Member of the Wisconsin State Assembly from the Brown 2nd district
- In office January 4, 1875 – January 7, 1878
- Preceded by: William H. Bartran
- Succeeded by: David M. Burns

Personal details
- Born: June 25, 1833 Brunswick, Ohio, U.S.
- Died: March 1, 1909 (aged 75) Green Bay, Wisconsin, U.S.
- Resting place: Fort Howard Memorial Park, Green Bay, Wisconsin
- Party: Republican; Democratic (before 1861);
- Spouses: ; Mary J. Driggs ​ ​(m. 1855; died 1903)​ ; Hattie Trowel ​(m. 1904⁠–⁠1909)​
- Children: Wilbur Driggs Fisk; ^{(b. 1856; died 1936)}; Frank Satterlee Fisk; ^{(b. 1858; died 1881)}; Harry William Fisk; ^{(b. 1866; died 1937)}; George Wallace Fisk; ^{(b. 1868; died 1954)};
- Relatives: M. H. Fisk (brother) Samuel Ryan Jr. (brother-in-law)
- Education: Appleton Institute
- Occupation: Banker, politician

= William J. Fisk =

19th American politician

William Justan Fisk (June 25, 1833 – March 1, 1909) was an American businessman, Republican politician, and Wisconsin pioneer. He served three years in the Wisconsin State Assembly (1875-1878), representing Brown County. He was a prominent banker in Green Bay and was one of the legislators responsible for the repeal of the railroad regulating Potter Law in 1875.

==Biography==
Fisk was born on June 25, 1833, in Brunswick, Ohio. Shortly after his birth, his father Joel Fisk went to Green Bay, Wisconsin Territory, and found work before returning to bring young William and his mother to Wisconsin in 1836. William was raised and educated in the Green Bay area, attending school until age 14 and then going to work alongside his father, who was by that time register of the U.S. land office in Green Bay. In his role in the land office, he made extensive maps of the Indian reservation lands and lands for navigability improvements on the Fox and Wisconsin rivers.

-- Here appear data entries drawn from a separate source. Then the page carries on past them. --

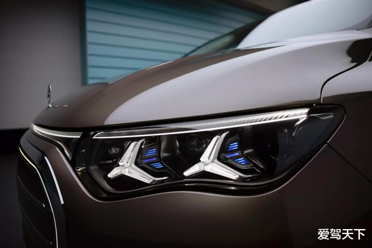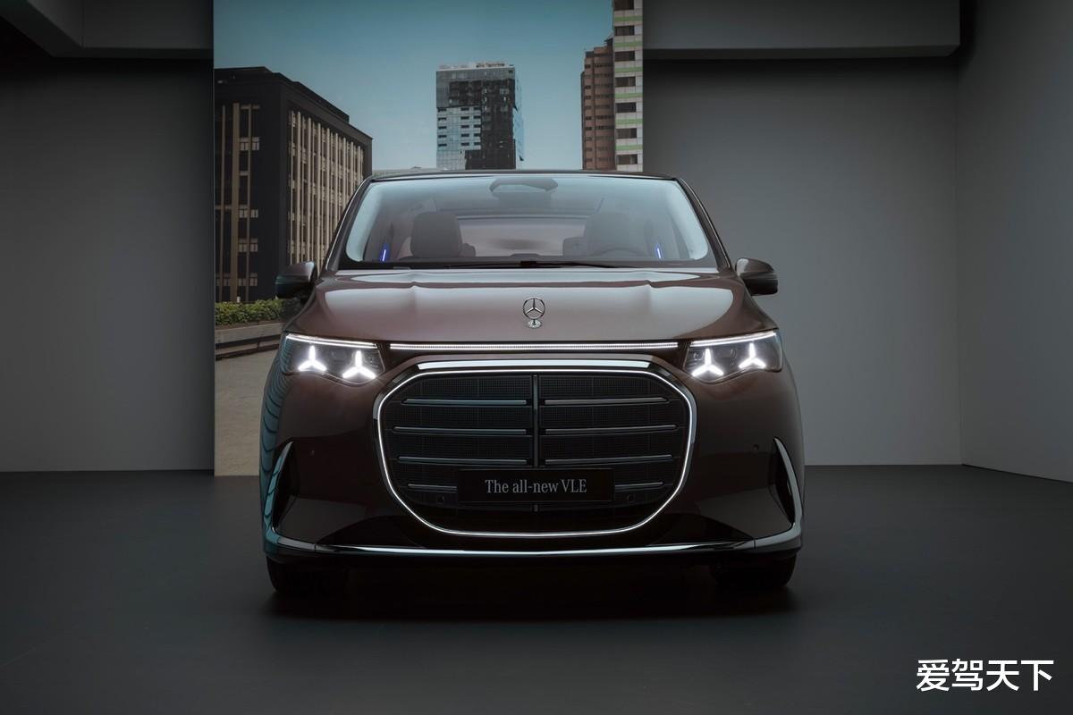 先来看看这套注定褒贬不一的外观。相比此前发布的Vision V概念车,量产版VLE收敛了不少。前脸依旧保留了奔驰家族最爱的大嘴式格栅,搭配发光灯带、镀铬饰条,以及三叉星徽元素的大灯,谈不上多好看,但确实够显眼。此外,奔驰VLE提供两种前脸套件,主要区别在于车标位置和前包围造型。
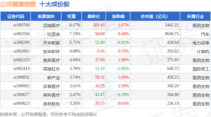 公共健康(399277)指数十大成份股详情如下:
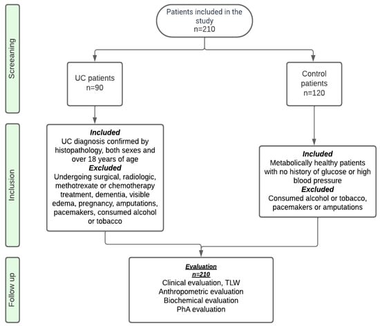 We enrolled patients of both sexes above 18 years with an intestinal biopsy-proven diagnosis of UC. We assessed disease activity by True Love and Witts, asking patients about medication use based on their current prescriptions. We excluded from the study participants with surgical, radiologic, methotrexate, or chemotherapy treatment, dementia, visible edema, pregnancy, amputations, and pacemakers. Besides UC patients, we enrolled a healthy control group with no history of high blood glucose, hypertension, or dyslipidemia. We also excluded participants who consumed alcohol or tobacco due to the possible exacerbation of gastrointestinal symptoms. To ensure accurate measurements, participants were required to be fasting, with no prior fluid intake, and were prohibited from intense exercise and alcohol consumption for one day before the assessment.
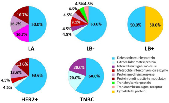 During the past decade, insight has been gained about the role of the immunological response in the BC disease process [21] and the possible use of immunological parameters in the prognosis of BC [22]. The PANTHER classification according to their protein class revealed that most of the differential proteins belong to defense/immunity (Figure 5). In the present work, from the 75 specific proteins identified for the different BC subtypes (n = 8 in LA; n = 27 in LB-; n = 2 in LB+; n = 28 in HE; and n = 10 in TNBC), 34 proteins were immunoglobulins (n = 3 in LA; n = 14 in LB-; n = 1 in LB+; n = 13 in HER2+; and n = 3 in TNBC) (see Table 2). Previous works also found that serum immunoglobulin levels were related to the disease stage and tumor load in BC patients [23].
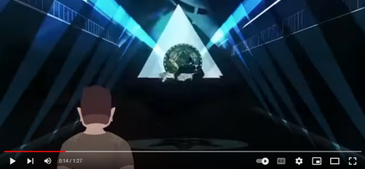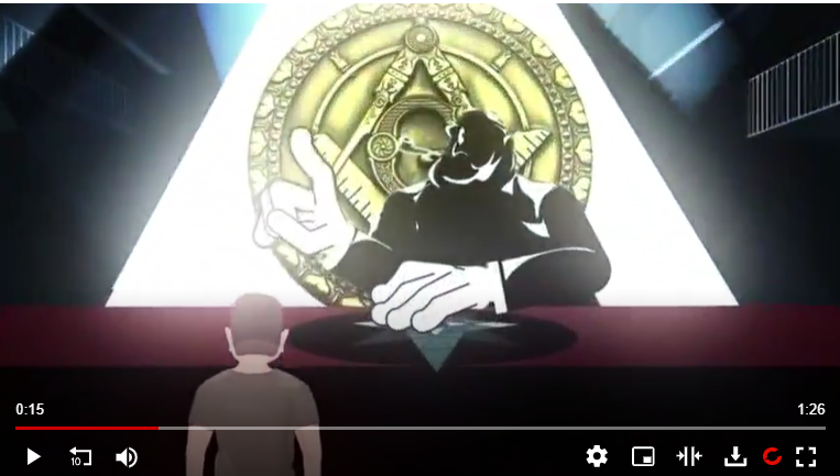 Quando Zelensky está chegando no fundo da sala, aparece uma pirâmide com um logotipo maçônico proeminente, e o chefe Illuminati está sentado em uma cadeira aguardando seu fantoche.
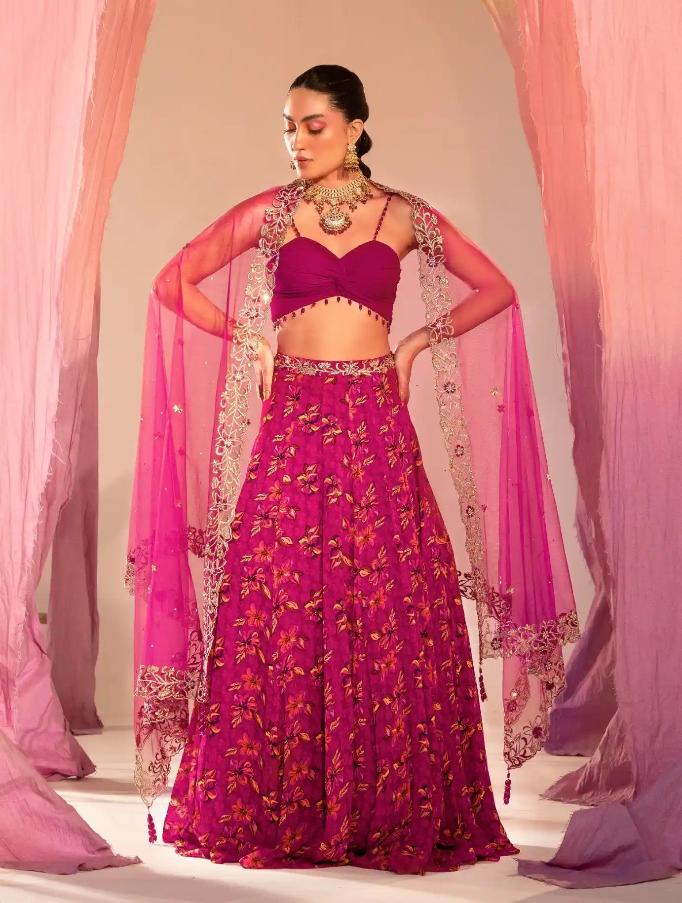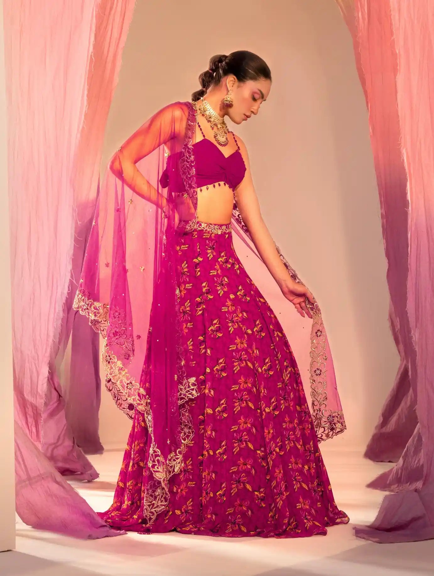 Make a statement with our purple ruching blouse paired with a vibrant printed lehenga and an exquisite embroidered dupatta. This elegant set features flattering ruching that enhances your silhouette, while the striking prints and intricate embroidery add a touch of sophistication. Perfect for weddings or festive celebrations, it’s a stunning choice that combines style and grace!

While working for the land office, he was advised by John Fitzgerald to save his money and invest in land, and by that advice he was able to become a landowner at age 16. In 1849, he went to work for a jeweler and watchmaker, and the next year he was hired as a clerk for a Fort Howard merchant, earning $25 per month. After two years of saving his money, he was able to afford tuition at Appleton Institute in Appleton, Wisconsin.

At age 20, he returned to Fort Howard and started his own merchandise business. In his first year, he took on a contract with Chancy Lamb to provide him with 400,000 shingles for $1,000. After that deal, Fisk erected a shingle mill in Fort Howard, which became his primary business interest for the next several years. It was only the second shingle mill in the new western states. The business flourished until the Panic of 1857, which paralyzed the economy. Fisk's company remained solvent, but was stuck with 2,000,000 unsold shingles, which he had to store at a warehouse in Chicago for two years until the supply could be entirely sold off.

Fisk sold his business in 1862, and went to work campaigning for the approval of a railroad in Brown County. Fisk leveraged his personal popularity to pass the measure. With his previous business success, Fisk had become a large landowner of timbered property, and after supporting the railroad he received a contract to furnish timber for the railroad construction. It was the beginning of a long business relationship with the Northwestern Railroad, in which he provided timber for several of the railroad's expansion projects in Wisconsin.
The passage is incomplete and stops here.